I think what seems lacking in all of the options is a fierce love for each other. A resilient commitment to compassion, mercy, and grace for each other. It seems like we are only going to Love Our Way Through These Pandemics of Racism and COVID-19. That’s it. Below is a super powerful poem that is often running in the back of my mind, or at least the first verse of it. It is by Aurora Levins Morales. Please Go to her website and check her out. She has lots more beautiful art that we need in this world. The title is “V’ahavta”. The V’ahavta, as I understand it, is a Jewish prayer that means You Shall Love. You Shall Love. YOU. SHALL. LOVE.
Say these words when you lie down and when you rise up,
when you go out and when you return. In times of mourning
and in times of joy. Inscribe them on your doorposts,
embroider them on your garments, tattoo them on your shoulders,
teach them to your children, your neighbors, your enemies,
recite them in your sleep, here in the cruel shadow of empire:
Another world is possible.
Thus spoke the prophet Roque Dalton:
All together they have more death than we,
but all together, we have more life than they.
There is more bloody death in their hands
than we could ever wield, unless
we lay down our souls to become them,
and then we will lose everything. So instead,
imagine winning. This is your sacred task.

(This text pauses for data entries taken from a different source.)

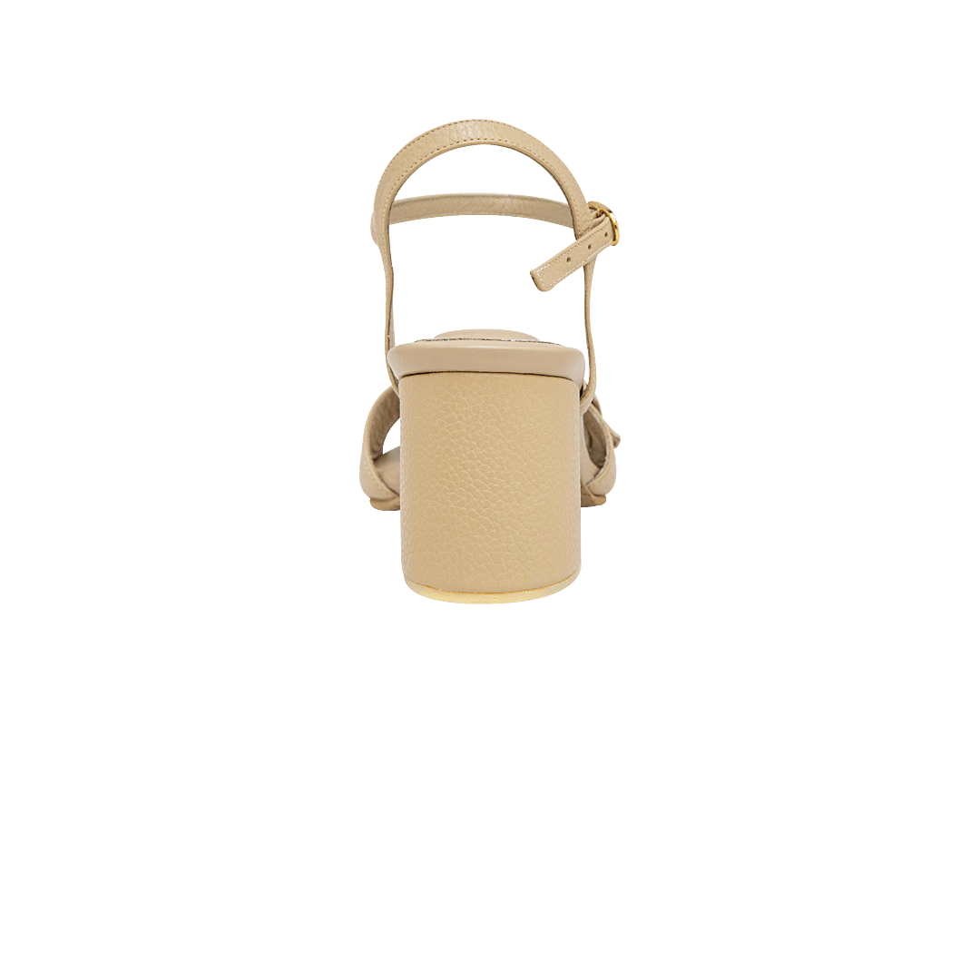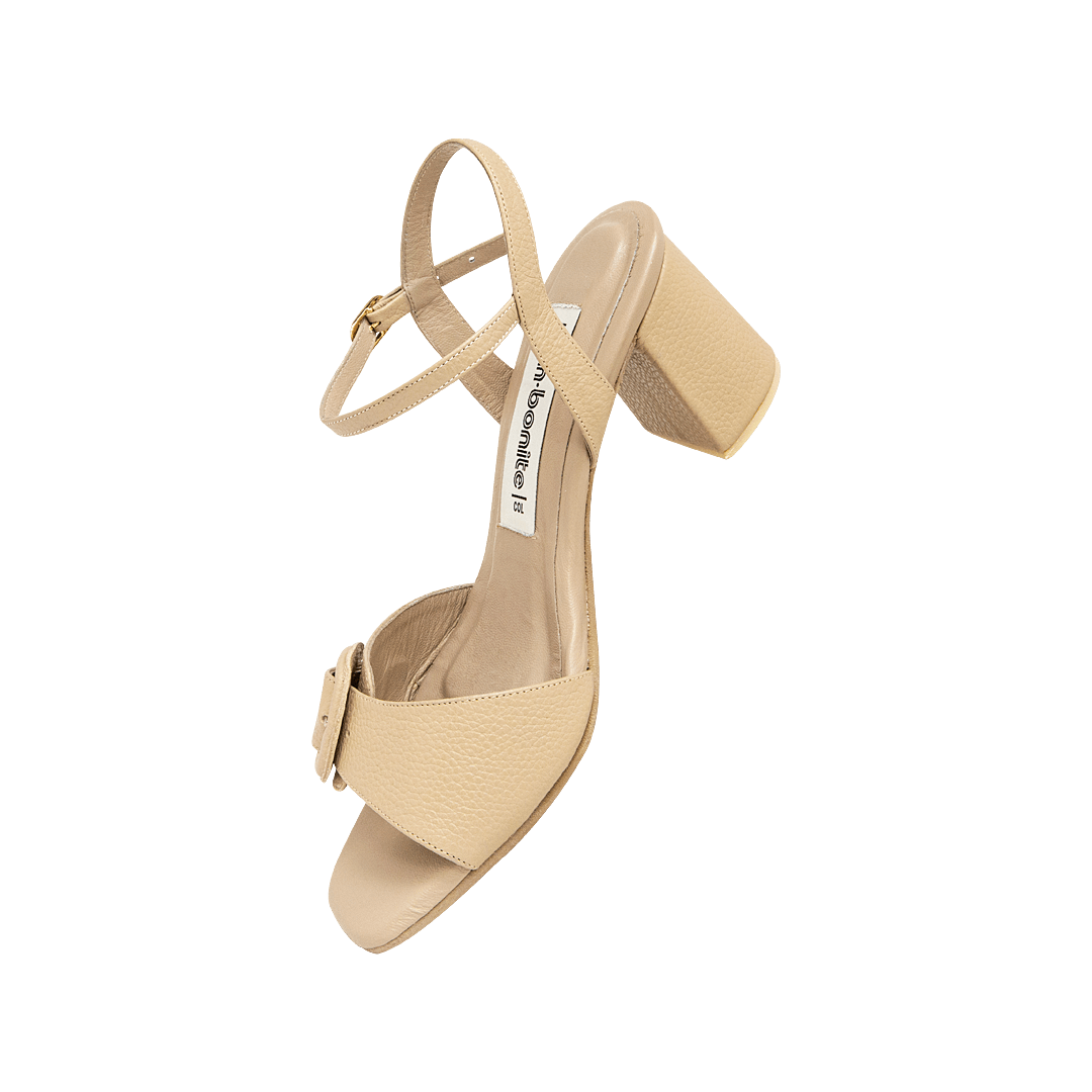 ¡Para acompañarte en cualquier ocasión! • Sandalia de tacón para mujer en cuero granito color pardo • Acabado en punta cuadrada • Hebilla en la capellada y lateral para mejor ajuste • Tacón geométrico forrado en cuero • Hecho a mano en Colombia.
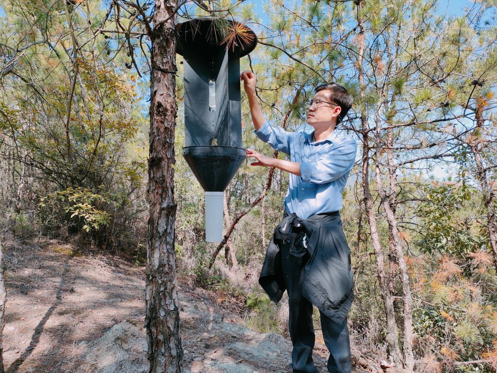 针对松材线虫病防控药剂匮乏,防治技术单一等问题,他们研究团队成功研发出松墨天牛新型诱捕技术和松材线虫病注干施药技术,实现了媒介昆虫的大量诱捕,以及松材线虫的精准环保施药,创新集成了以清理死树为核心,以诱捕压低虫口密度和注干预防侵染为辅助措施的松材线虫病绿色防控技术体系,有效遏制松材线虫病的传播蔓延。
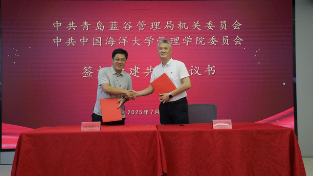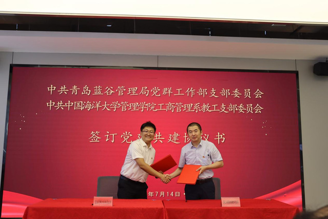 随后,蓝谷管理局综合部党支部与管理学院旅游农经教工党支部、蓝谷管理局党群工作部与管理学院工商管理系教工党支部、蓝谷管理局科技创新与投资促进部与管理学院营销与电子商务系教工党支部、蓝谷管理局财政金融审计部与管理学院会计学系教工党支部分别签订《党建结对共建协议书》。此外,青岛海科控股有限公司与中国海洋大学管理学院签订师资培训、学员实训等合作协议书,进一步拓宽校地合作维度。
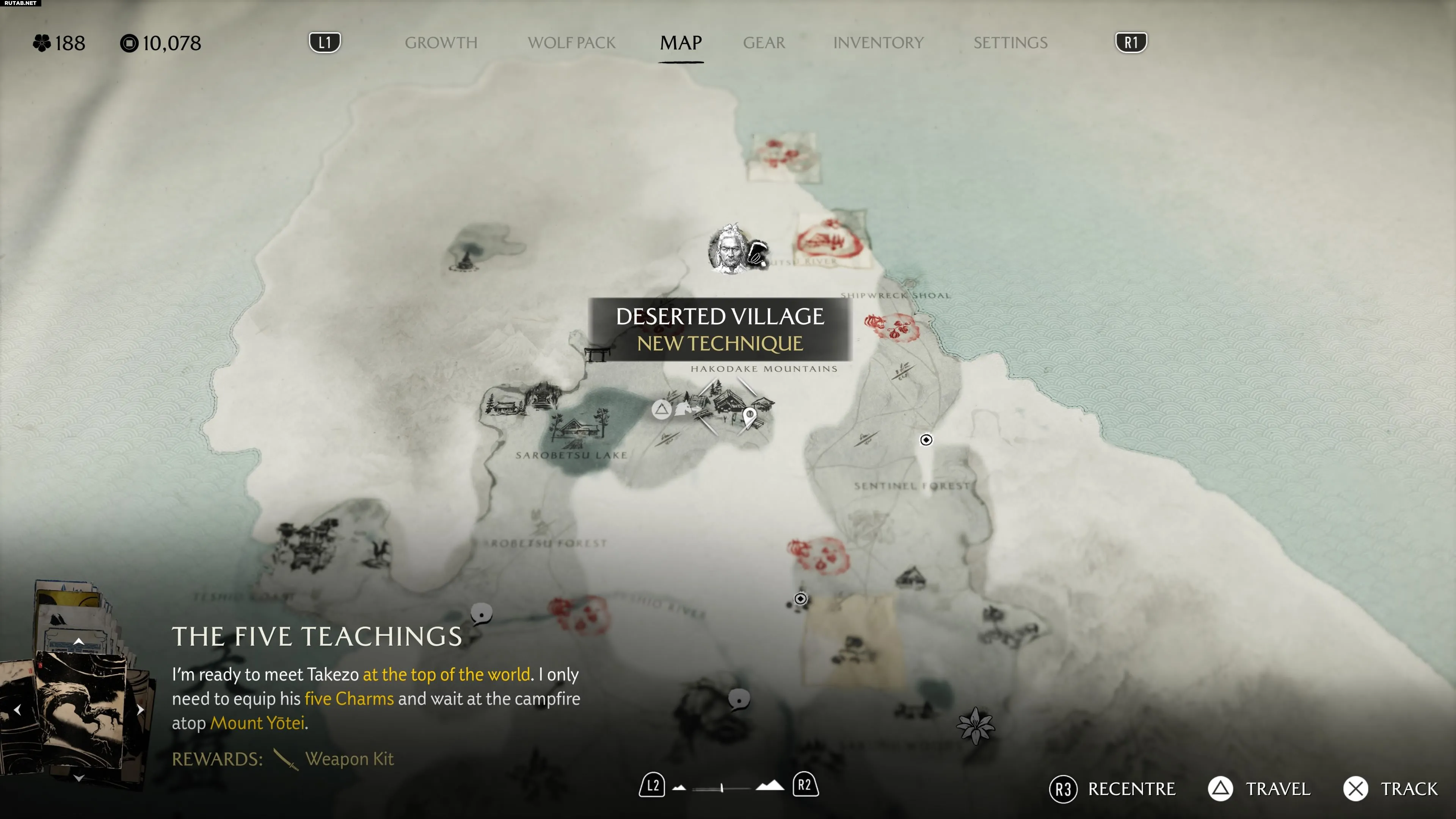Заброшенную деревню можно найти в южном регионе гор Таходакэ, прямо под буквами «К», «О» и «Д» в слове «Таходакэ» на карте. Это лагерь Шести Йотея, поэтому очистите его от врагов и найдите ларец-головоломку на Алтаре Отражения.
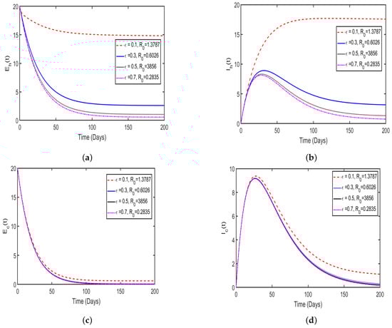 Model simulation in (4) shows the impact of prevention on HAT transmission: (a) from exposed cattle to susceptible tsetse flies, (b) from infected cattle to susceptible tsetse flies, (c) from exposed humans to susceptible tsetse flies, (d) from infected humans to susceptible tsetse flies.
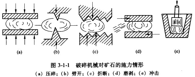 機(jī)械破碎法是靠破碎機(jī)械的施力來完成的,破碎機(jī)械的施力方式不外是壓碎、劈開、折斷、磨剝及沖擊等,如圖3-1-1所示。
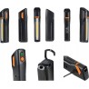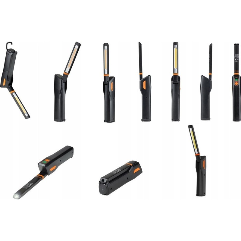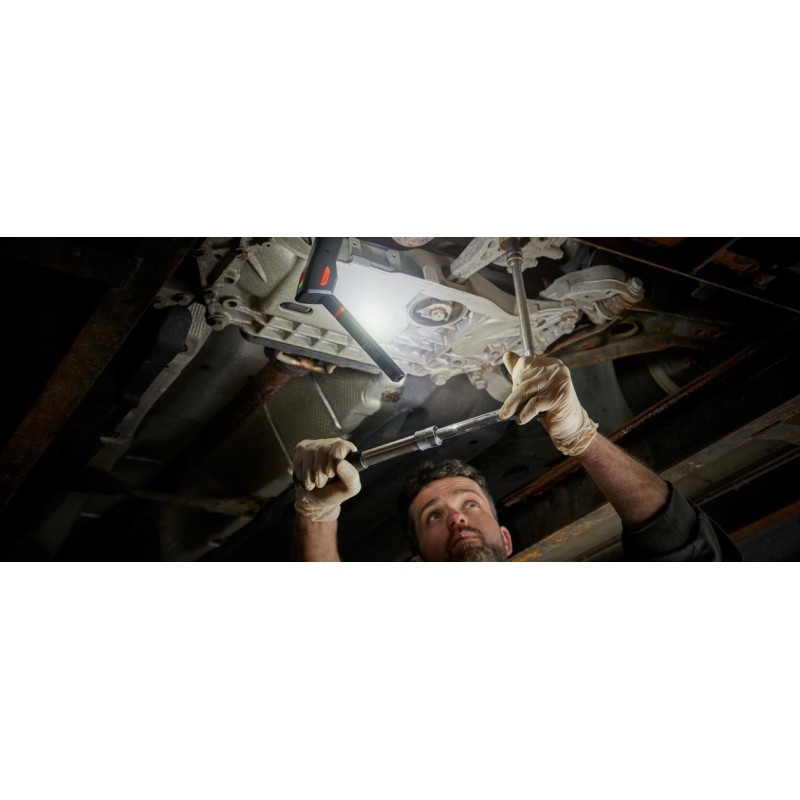 Das ultraflache Design in Kombination mit einer polygonalen Positionierung, die um 270° schwenkbar und um 180° drehbar ist, ermöglicht es, den Lichtstrahl genau dorthin zu lenken, wo er benötigt wird. Die Werkstattlampe verfügt über einen Akku und ist mit einer integrierten Ladezustandsanzeige ausgestattet.

This is your power. Imagine
every detail of winning, the exact smell of the summer streets
in which no one has been shot, the muscles you have never
unclenched from worry, gone soft as newborn skin,
the sparkling taste of food when we know
that no one on earth is hungry, that the beggars are fed,
that the old man under the bridge and the woman
wrapping herself in thin sheets in the back seat of a car,
and the children who suck on stones,
nest under a flock of roofs that keep multiplying their shelter.
Lean with all your being towards that day
when the poor of the world shake down a rain of good fortune
out of the heavy clouds, and justice rolls down like waters.
Defend the world in which we win as if it were your child.
It is your child.
Defend it as if it were your lover.
It is your lover.
When you inhale and when you exhale
breathe the possibility of another world
into the 37.2 trillion cells of your body
until it shines with hope.
Then imagine more.
Imagine rape is unimaginable. Imagine war is a scarcely credible rumor
That the crimes of our age, the grotesque inhumanities of greed,
the sheer and astounding shamelessness of it, the vast fortunes
made by stealing lives, the horrible normalcy it came to have,
is unimaginable to our heirs, the generations of the free.
Don’t waver. Don’t let despair sink its sharp teeth
Into the throat with which you sing. Escalate your dreams.
Make them burn so fiercely that you can follow them down
any dark alleyway of history and not lose your way.
Make them burn clear as a starry drinking gourd
Over the grim fog of exhaustion, and keep walking.
Hold hands. Share water. Keep imagining.